In the months and years ahead of the October 1, 2013 launch date, CMS officials were glowing in their praise of Cover Oregon, even awarding the state additional funds. Concurrently, Maximus was raising red flags about the progress of the project. 

In hindsight, Maximus was right — the Cover Oregon exchange was in poor health as was proven when it failed to work by its scheduled launch date – or for months after this deadline.

At the time, Oregon officials believed they were close to a working product by April 2014 after months of hard work. However, political advisors for then-Governor John Kitzhaber wanted the problem to go away ahead of his November reelection. As that report found, these advisors quietly manipulated the project so it would fail, and the state would be forced to join the federal Obamacare system.
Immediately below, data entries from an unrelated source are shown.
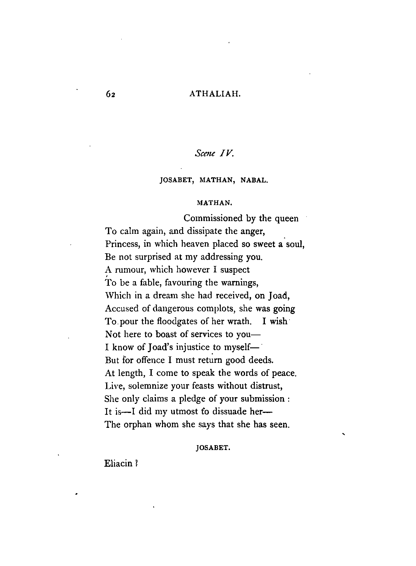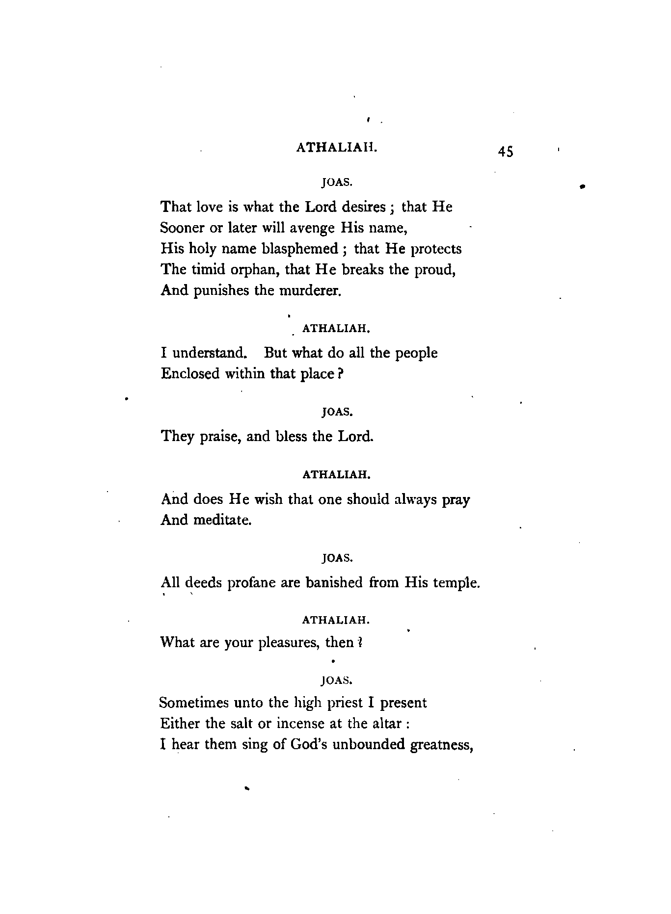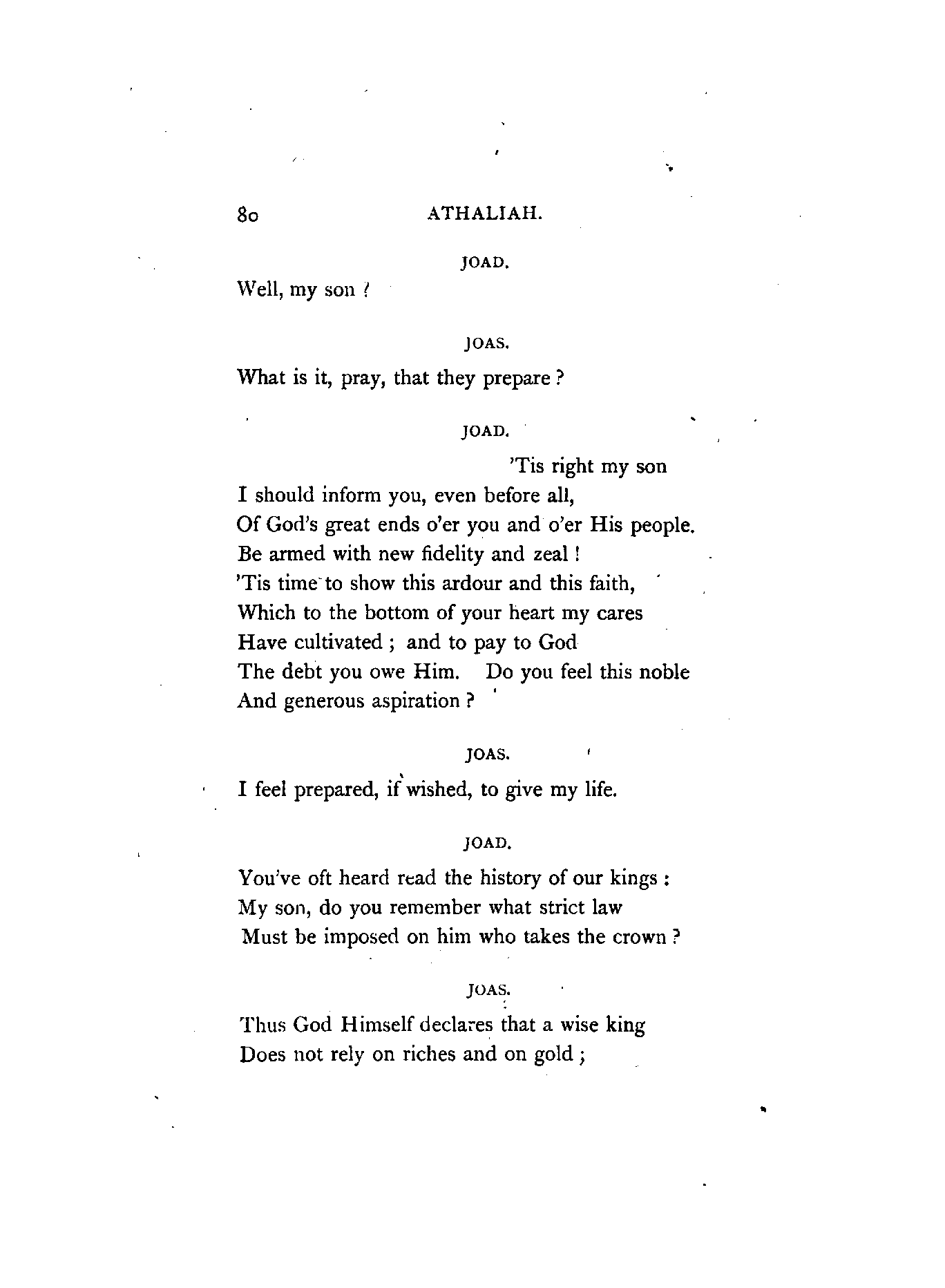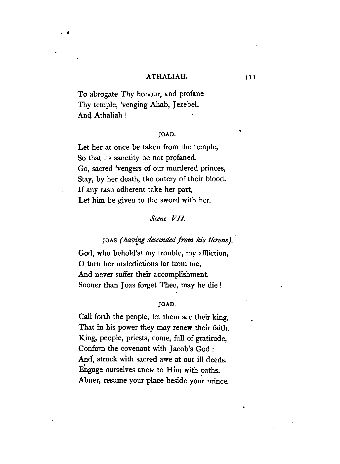 Racine, the author of Athalie (Athaliah), flourished in the latter half of the 17th century. At his appearance, Corneille, the great French Dramatist, was in the full splendour of his fame, whose rival he was afterwards recognised to be. Athalie is a Tragedy in rhyme, consisting of six Iambic feet, similar to the Alexandrine verse found occasionally in our English poets at the termination of a sentence or paragraph. Dryden, and a few others of less note, in the reign of Charles IL, introduced the rhyming drama to the English public; but the clank of its fetters was unpleasant to the British ear, which had become attuned to the freedom and majesty of blank verse. Blank verse, therefore, being our recognised vehicle of dramatic productions, has been employed in this translation. I did, however, intend in the first place to render the chorus into rhyme; but after maturer consideration it appeared to me that irregular blank verse would be more capable of tragic expression; and that it would also be more in harmony with the [4]Hebrew rhythm as represented by the scriptures, from which the plot was appropriated.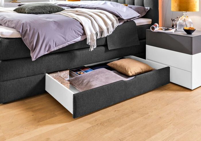 - Boxunterbau „BX7“ mit Bonellfederkern, inkl. Bettschubkasten links und rechts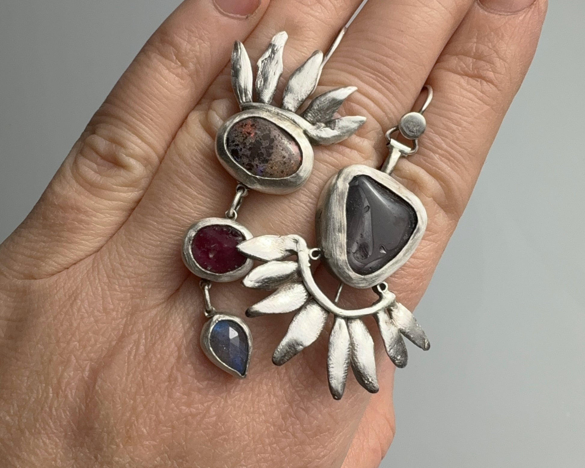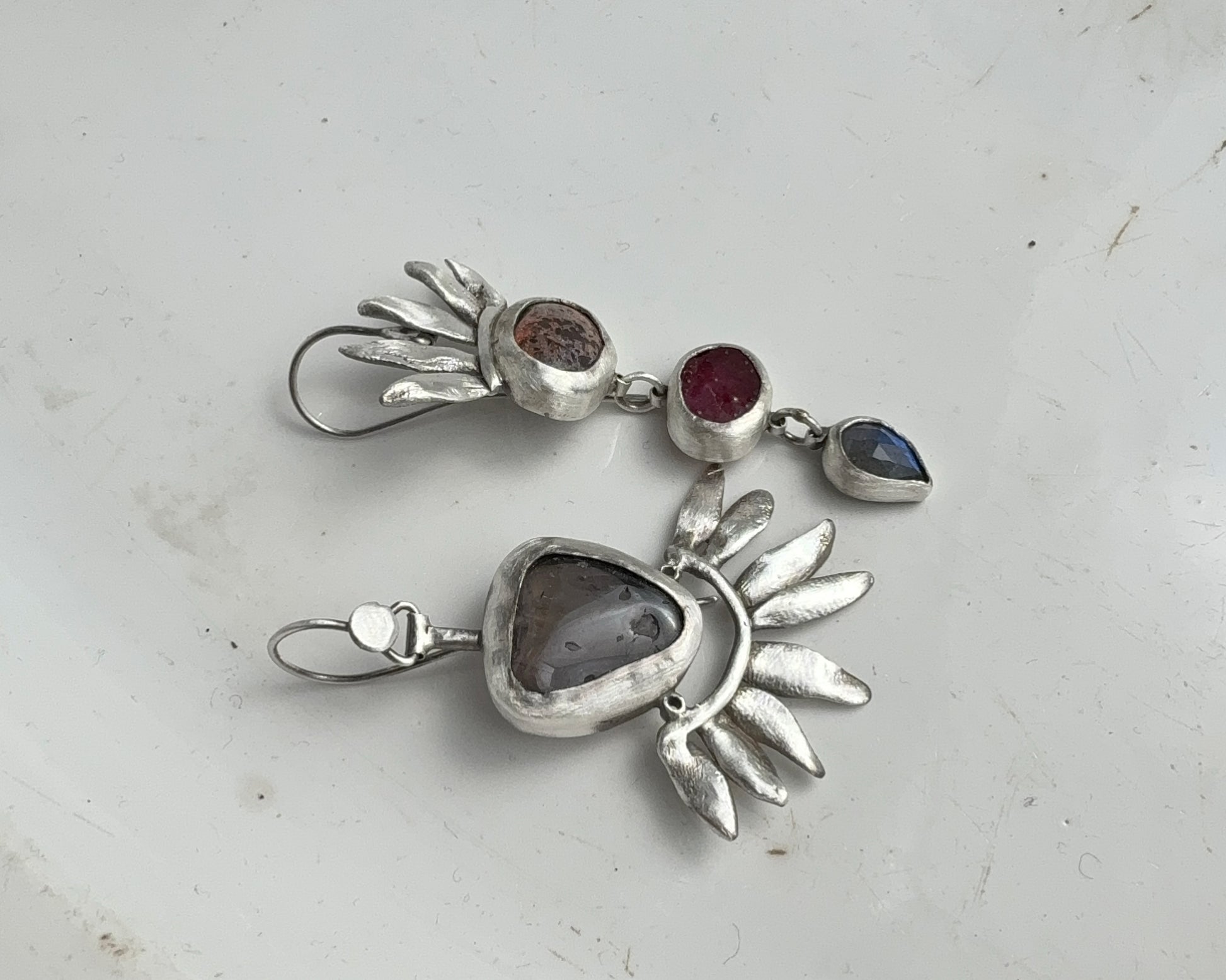 Handcrafted sterling silver earrings featuring asymmetric designs with natural gemstones. The left earring showcases a Iolite with radiating silver petals, while the right displays a vertical composition of opal, ruby, and teardrop labradorite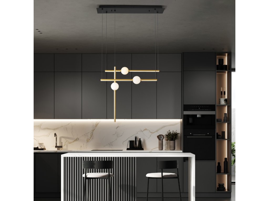Hagyja magát elragadtatni a Nova Luce márka Acrobat függőlámpájának exkluzív megjelenésével, amely kifinomult dizájnjávalelbűvöli Önt. A lakkozott fém aranyszínű színe luxusérzetet ad a lámpatestnek, az opálüveg pedig lágyítja a fény meleg tónusait. Tökéletes kontrasztot alkotnak a játékos elemek a szerkezet egyenes vonalvezetésű, kerek árnyalatokkal ellátott egyenes vonalai. Hagyja, hogy a fény szó szerint beragyogja a konyhaszigetet vagy az étkezőasztalt, és adjon egy kis eleganciát a belső térnek!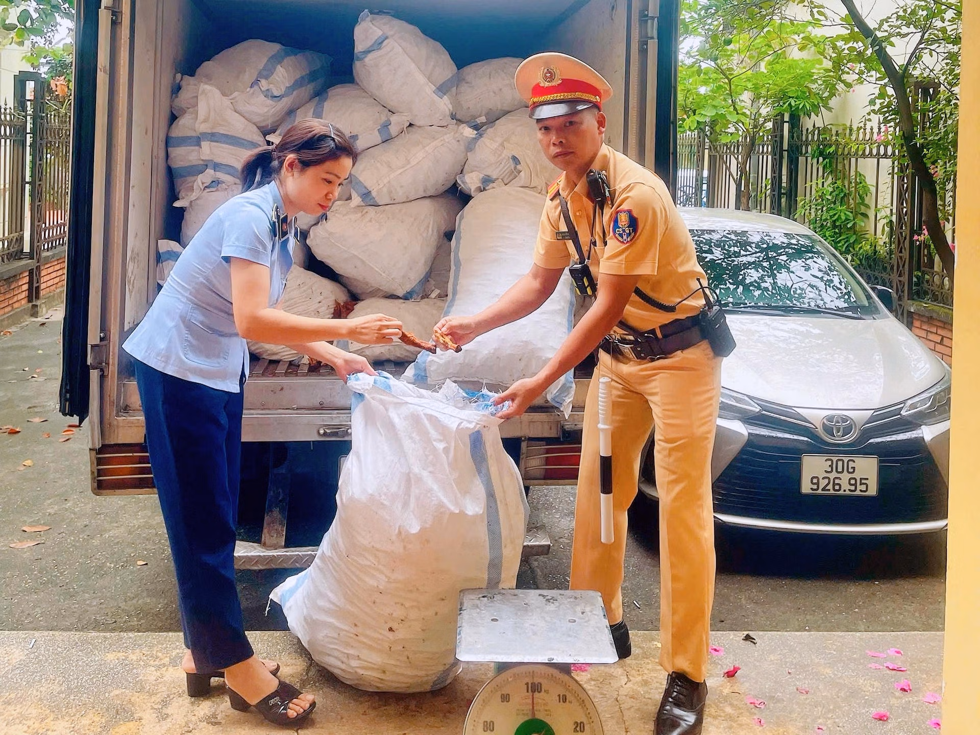 Theo Công an thành phố Hà Nội, khoảng 16h ngày 24/5, Tổ công tác của Đội Cảnh sát giao thông (CSGT) đường bộ số 11, Phòng CSGT và Phòng Cảnh sát kinh tế CATP phối hợp tuần tra, kiểm soát tại khu vực đường Làng Văn Hoá, huyện Thạch Thất thì phát hiện xe ô tô tải biển kiểm soát 29H-363.xx có dấu hiệu nghi vấn.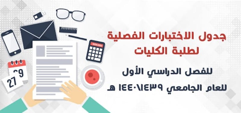 تعلن وكالة الجامعة للشؤون التعليمية عن جدول الاختبارات الفصلية لطلبة الكليات للفصل الدراسي الأول للعام الجامعي 1439\1440 هـ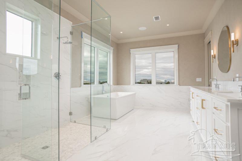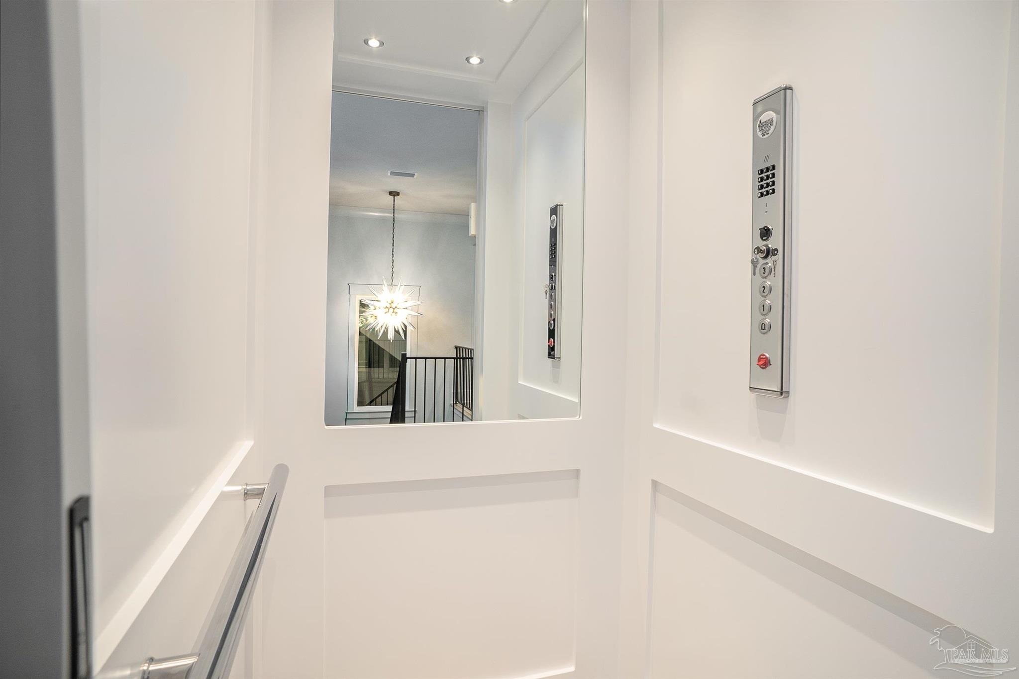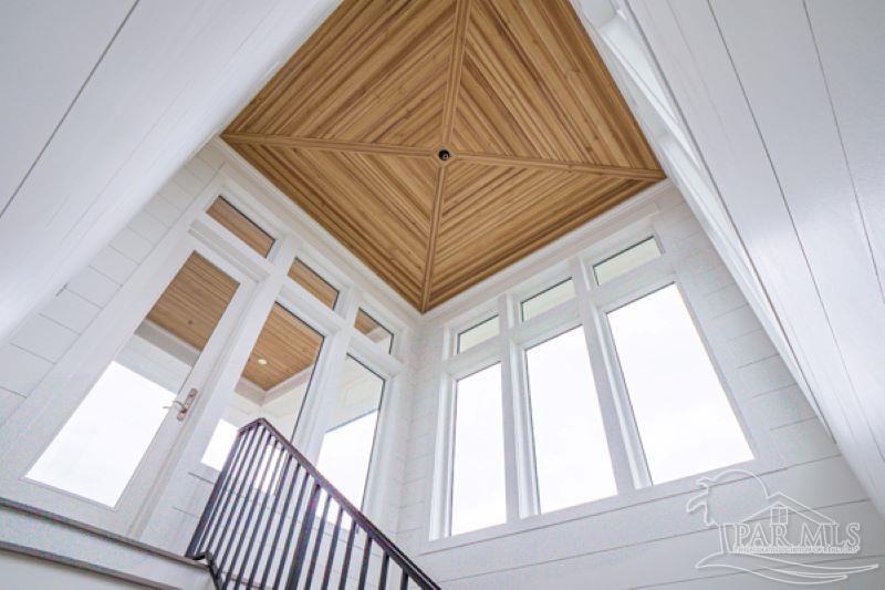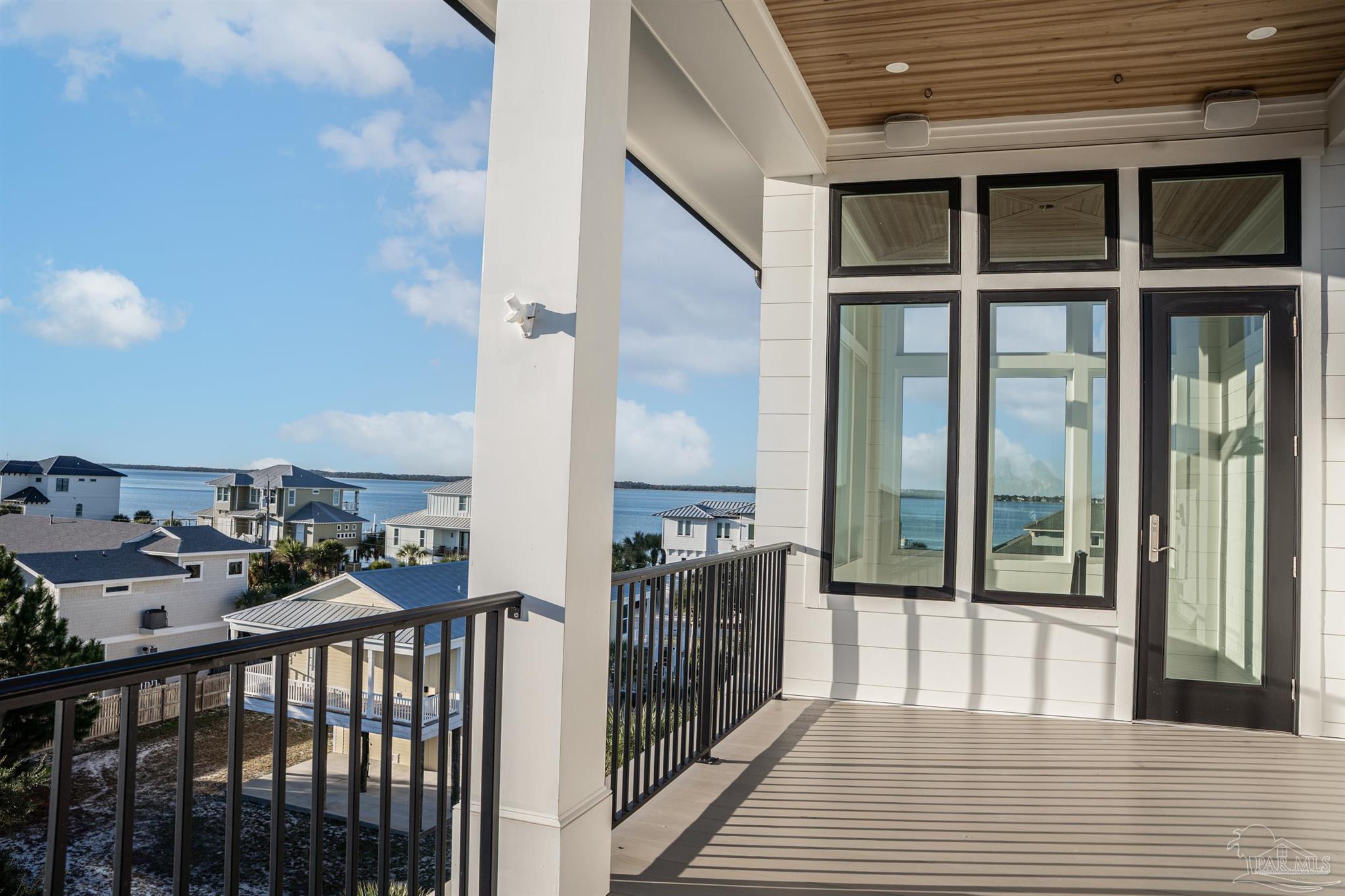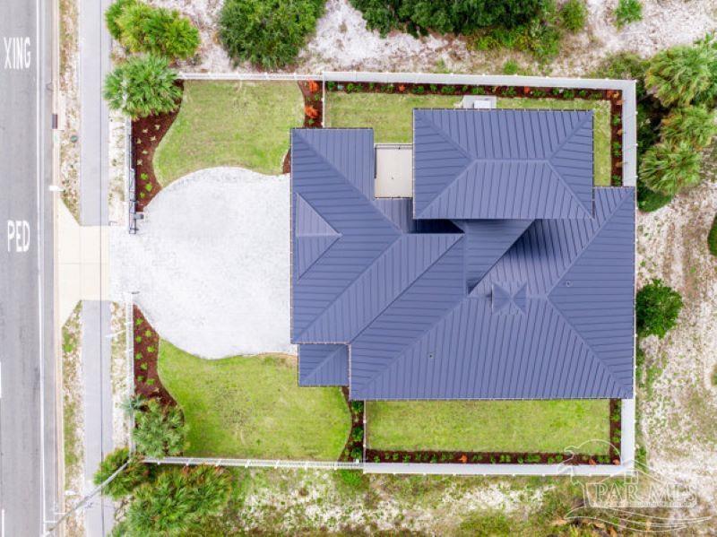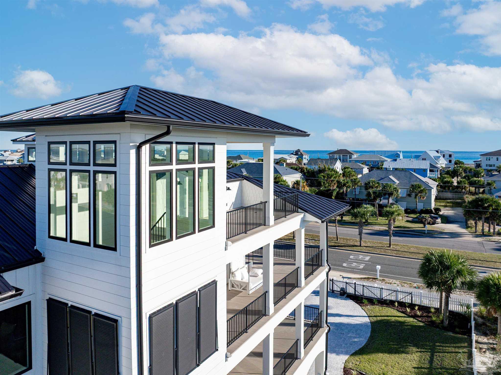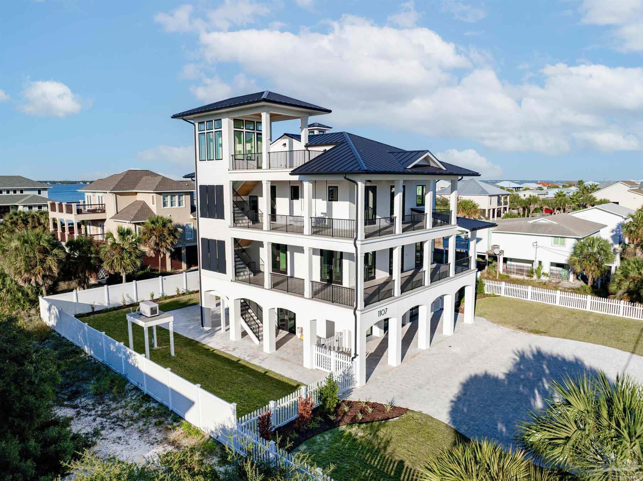 One of the most attractive residences on all of P-beach & believed to be the tallest residential home on the Beach giving views of the Sound & the Gulf. Boasting Elite Caliber finishes plus efficient dollar saving home hardening construction materials installed by craftsmen & perfectly placed on a rare larger estate size .29-acre lot w the entire perimeter enveloped by a heavy-duty custom vinyl fencing system w motorized gate. Parking is a breeze w the unique 50 ft paver parking round about. One of the few home sites that sits adjacent to a 15 ft easement that runs North & South from the sound to the gulf. If you enjoy outdoor living space this beautiful abode has appx 3500 SF of covered outdoor decks w tongue & groove exterior ceiling system at all decks, patios & stairwells. The large ground level covered porch at the rear of the home is well suited for your future outdoor kitchen & flows well with the side yard which can accommodate the attached pool design without a variance. Low maintenance construction & extra attention to detail offer significant insurance, utility & maintenance savings. Enhanced efficiency standards are: larger 14” pilings versus 12” installed to 20’ piling ground depth versus 15’ standard; built 18' above sea level 5' above the base flood elevation; all stainless steel fasteners; structural soffits; go bolt threaded rod anchoring system; spray foam insulation; Senergy encapsulated seal coat exterior polymer system; Aeritis tongue & groove decking; stained & sealed tongue & groove ceilings at all covered porches; 3500sf of covered outdoor living space; 799sf insulated & finished garage; custom gutter system w underground drainage; custom paver walkways; double pane low-e impact Colby Casement windows & Neuma doors w/3 point locking system; white glass aluminum garage doors; aluminum hand rails w/powder coat finish; standing seam metal roof w peel & stick underlayment; large rooftop observation deck & Custom Cab elevator serving all levels.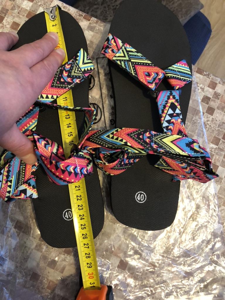 Sandals size 41 fit my 39, but they came defective - the strap on one is shorter than the strap on the other, so it's not enough to fasten the Velcro, and there are threads sticking out! Money wasted! I wrote to the support service, they compensated the cost, very prompt work, thank you Joom!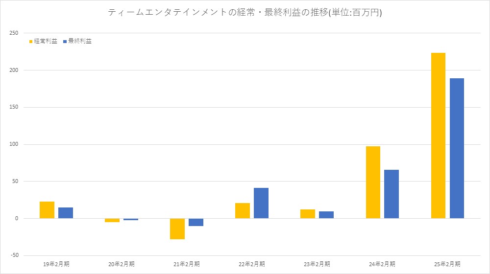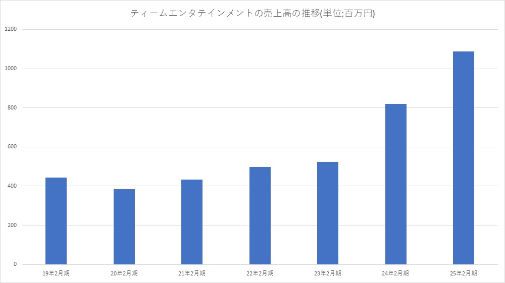 エディア<3935>子会社のティームエンタテインメントが急成長している。2025年2月期の決算は、売上高10億8700万円(前の期比32.9%増)、経常利益2億2300万円(同128.6%増)、最終利益1億8900万円(同188.3%増)と大幅増益を達成した。2022年2月期との比較で売上は2倍、経常利益は約11倍と短期間で業績が急拡大した。

Misled Congressional Investigators on Recovery of Wasted Taxpayer Dollars

Earlier this year, congressional investigators released a report debunking Slavitt’s claim that his agency had recovered $200 million in wasted Obamacare state exchange funds. Slavitt made this claim while under oath during a December 8, 2015 hearing.

Congressional investigators could not verify this figure, and over a ten-week period, CMS staff were contacted seven times with requests for information verifying Slavitt’s $200 million claim. Many of these inquiries were ignored, and when documentation was finally received CMS could only account for the return of $21.5 million in “de-obligated” funds, money that was leftover from expired grants.

Contrary to Slavitt’s assurances, it appears that federal efforts to recover funds has been non-existent.